The samples were eluted with 1 mL of 1% formic acid in 60:40 methanol–water, evaporated on a Speed Vac Concentrator (Savant
SPD121P-115, Thermo Electron Corporation), and reconstituted in 100 µL of 15% ammonium hydroxide in acetonitrile. Then 10
µL of the sample solution was injected into the LC–MS-MS system. Calibration standards for 5-FU were prepared by spiking 5-FU
into 200 µL of blank mouse plasma at the concentrations of 0.1, 0.5, 1.0, 5.0, 10.0, 30.0, and 50.0 ng/mL.
Figure 4: Optimizing the percentage of ammonium hydroxide in plasma samples containing 10.0 ng/mL 5-FU and 50.0 ng/mL 5-CU
before SPE. Error bars represent standard deviations of two replicates.

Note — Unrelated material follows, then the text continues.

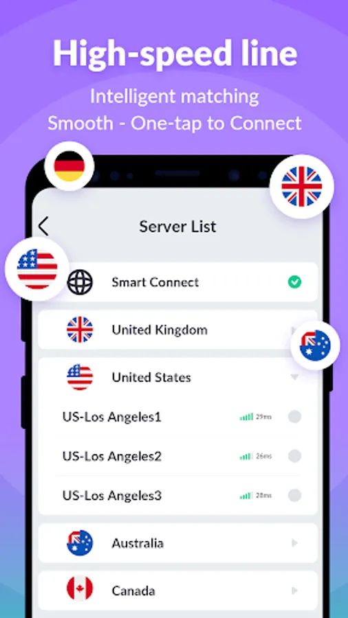 We have built a global VPN network included America, Europe and Asia, and expand to more country soon. Most servers are free to use, you can click the flag and change server as any times as you want.

The LC–MS-MS system consisted of an Agilent 1100 system coupled to a tandem quadrupole 4000 Qtrap system (AB Sciex). Chromatographic
separations were performed on a Phenomenex Luna HILIC column (3 µm, 150 mm × 2.00 mm, 200 Å), which is a silica-based particle
with an ethylene cross-linked diol phase. The column temperature was held at 40 °C. Mobile-phase A was 100 mM ammonium formate
in water, and mobile-phase B was acetonitrile. The gradient was as follows: 90% B for 2.0 min, 90–50% B at 4.0 min, 50% B
until 6.0 min, 50–90% B at 6.1 min, and 90% B until 11 min. The MS system was operated in negative electrospray ionization
mode with an ion spray voltage of 4500 V. Nitrogen was used as collision gas. The optimized source conditions were as follows
(arbitrary units if not specified): Gas 1, 70; Gas 2, 60; CUR, 40; CAD, 10; and TEM, 500. The optimized compound conditions
were as follows: DP, 60; EP, 10; CXP, 5; dwell time, 100 ms for all analytes; and CE, 28 V for 5-FU and 31 V for 5-CU. The
MRM transitions were m/z 129.0→42.0 for 5-FU and m/z 145.2→42.0 for 5-CU. Data were processed with Analyst software version 1.5.1 (AB Sciex).